On Fri, Aug 7, 2015 at 3:15 PM, Nitin Solanki <nitinml...@gmail.com> wrote:
> Hi Erick,
>                 posting files to Solr via curl =>
> Rather than posting files via curl. Which is better SolrJ or post.jar... I
> don't use both things. I wrote a python script for indexing and using
> urllib and urllib2 for indexing data via http.. I don't have any  option to
> use SolrJ Right now. How can I do same thing via post.jar in python? Any
> help Please.
>
> indexing with 100 threads is going to eat up a lot of CPU cycles
> => So, How much minimum concurrent threads should I run? And I also need
> concurrent searching. So, How much?
>
> And Thanks for solr 5.2, I will go through that. Thanking for reply. Please
> help me..
>
> On Fri, Aug 7, 2015 at 11:51 PM Erick Erickson <erickerick...@gmail.com>
> wrote:
>
>> bq: How much limitations does Solr has related to indexing and searching
>> simultaneously? It means that how many simultaneously calls, I made for
>> searching and indexing once?
>>
>> None a-priori.

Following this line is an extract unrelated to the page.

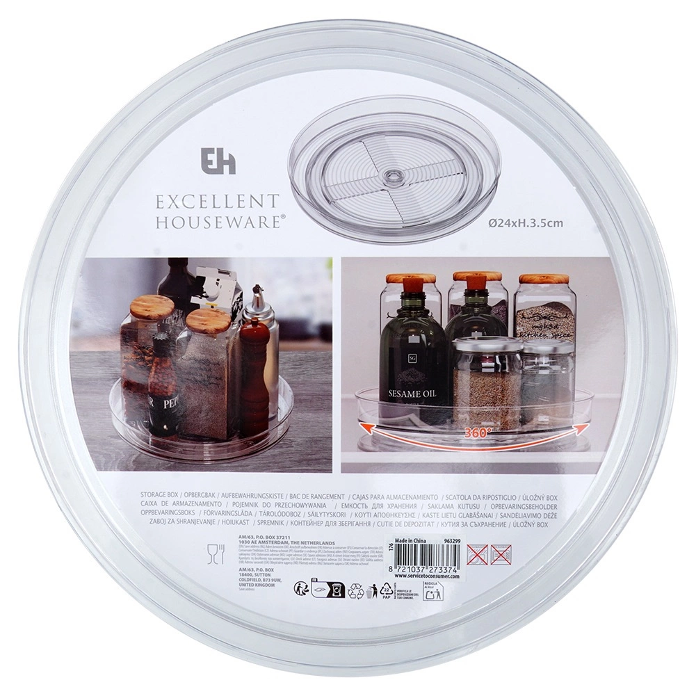 Organizator s premerom 24 cm in višino 3,5 cm je idealen za hladilnik, kuhinjske omare, delovni pult in kopalnico. Gladke površine se enostavno vzdržujejo – dovolj je, da jih obrišete z vlažno krpo. Vrtljiva konstrukcija hkrati maksimizira izrabo prostora in ohranja red.
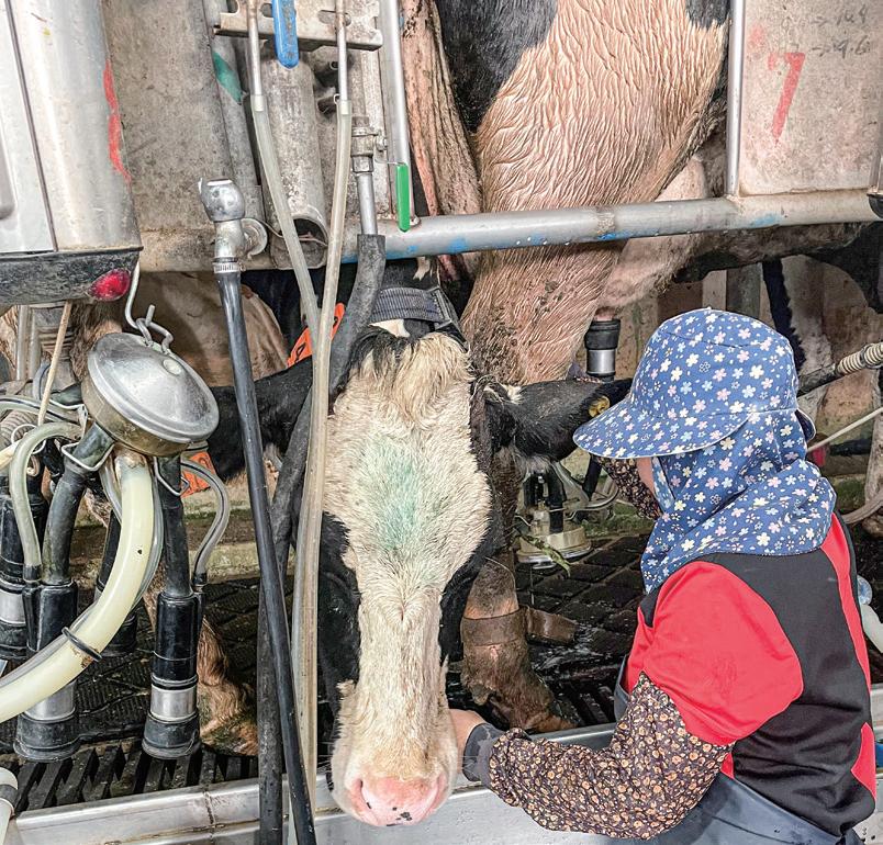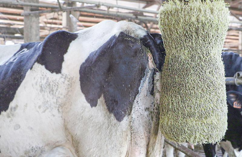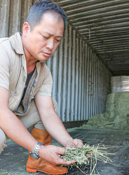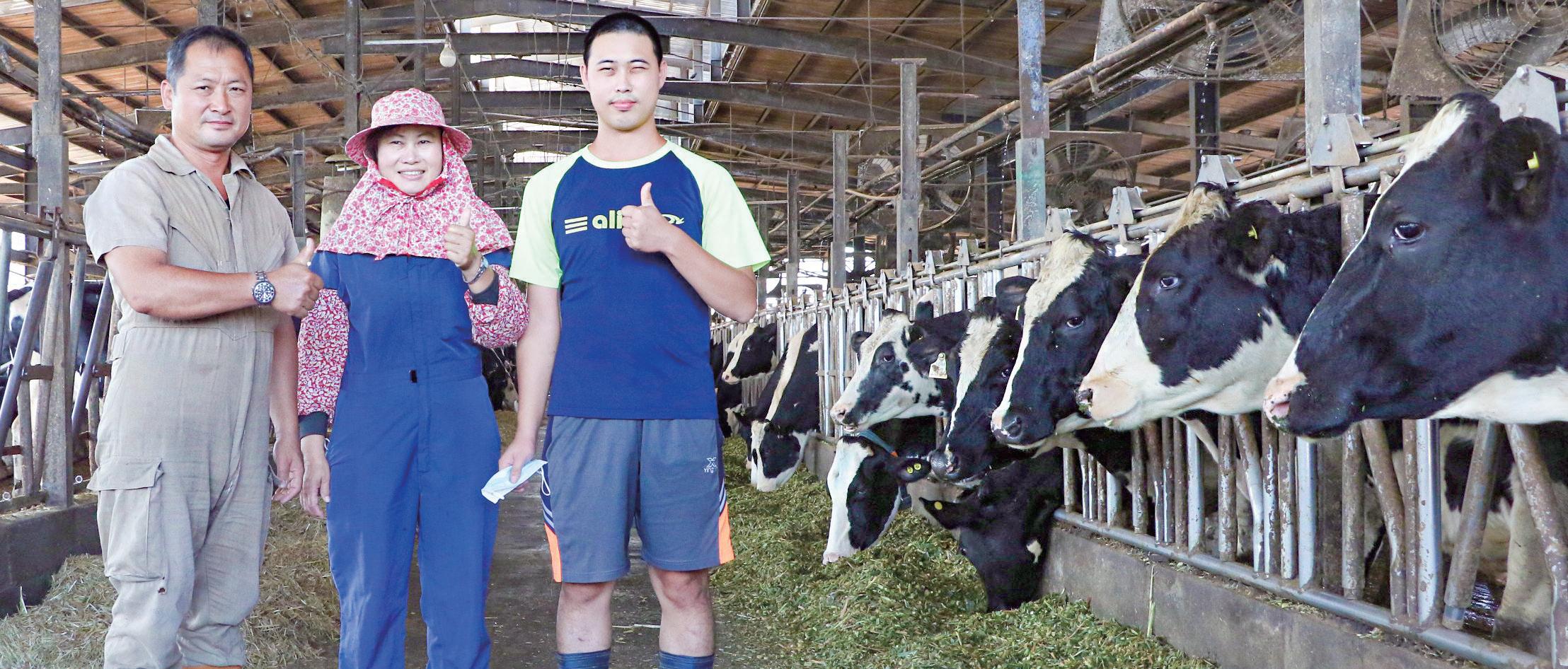 新港‧微笑的故鄉 8 間略長又無假期,因為乳牛產乳不等 人,但長期下來也培養他自己有「牛 格特質」溫馴地順應生活,凡事不強 碰。他說一天下來和牛相處的時間比 人還多,忙碌的生活裡,不管心情好 或不好,最紓壓的方式就是到牧場走 走,看看牛群,而且還會得到回應, 他笑笑地說:「牛比兒子乖啊!」 關於牧場裡禽畜糞處理,一般畜舍 透過處理設施篩分過濾到接近排水標 準,再排放出去,林老闆則是選擇回 歸土地,運用到自己栽種的牧草裡做 肥,自有土地及租賃共10公頃,收成 的牧草回到牛的嘴裡再產出好喝的鮮 乳,形成環境共生,友善的循環。 專業分工與經驗累積 產出高品質鮮奶 運用科技管理乳牛之前,每天早上 林憲明和妻子坐在一樓高的台椅,一 人一邊,整整40分鐘盯著一一走出的 乳牛,從步伐、姿態判斷乳牛是否進 入發情期或是身體不舒服。後來引進 科技管理,為乳牛戴上電子腳環,每 日透過電腦數據顯示,了解乳牛的狀 態,再由人工「親眼」判斷來交叉確 認,有時經驗豐富的員工運用「人眼」 會比機器提早發現問題呢! 林憲明(左一)全家一起與牛共「舞」,打造高品質鮮奶。 剛出生的小牛 每天供應新鮮多樣的牧草給乳牛享用

It all depends on the hardware you're throwing at it.
>> Obviously
>> indexing with 100 threads is going to eat up a lot of CPU cycles that
>> can't then
>> be devoted to satisfying queries. You need to strike a balance. Do
>> seriously
>> consider using some other method than posting files to Solr via curl
>> or the like,
>> that's rarely a robust solution for production.
>>
>> As for adding the commit=true, this shouldn't be affecting the index size,
>> I
>> suspect you were mislead by something else happening.
>>
>> Really, remove it or you'll beat up your system hugely. As for the soft
>> commit
>> interval, that's totally irrelevant when you're committing every
>> document. But do
>> lengthen it as much as you can. Most of the time when people say "real
>> time",
>> it turns out that 10 seconds is OK. Or 60 seconds is OK.  You have to check
>> what the _real_ requirement is, it's often not what's stated.
>>
>> bq: I am using Solr 5.0 version. Is 5.0 almost similar to 5.2 regarding
>> indexing and searching data.
>>
>> Did you read the link I provided? With replicas, 5.2 will index almost
>> twice as
>> fast. That means (roughly) half the work on the followers is being done,
>> freeing up cycles for performing queries.
>>
>> Best,
>> Erick
>>
>>
>> On Fri, Aug 7, 2015 at 2:06 PM, Nitin Solanki <nitinml...@gmail.com>
>> wrote:
>> > Hi Erick,
>> >               You said that soft commit should be more than 3000 ms.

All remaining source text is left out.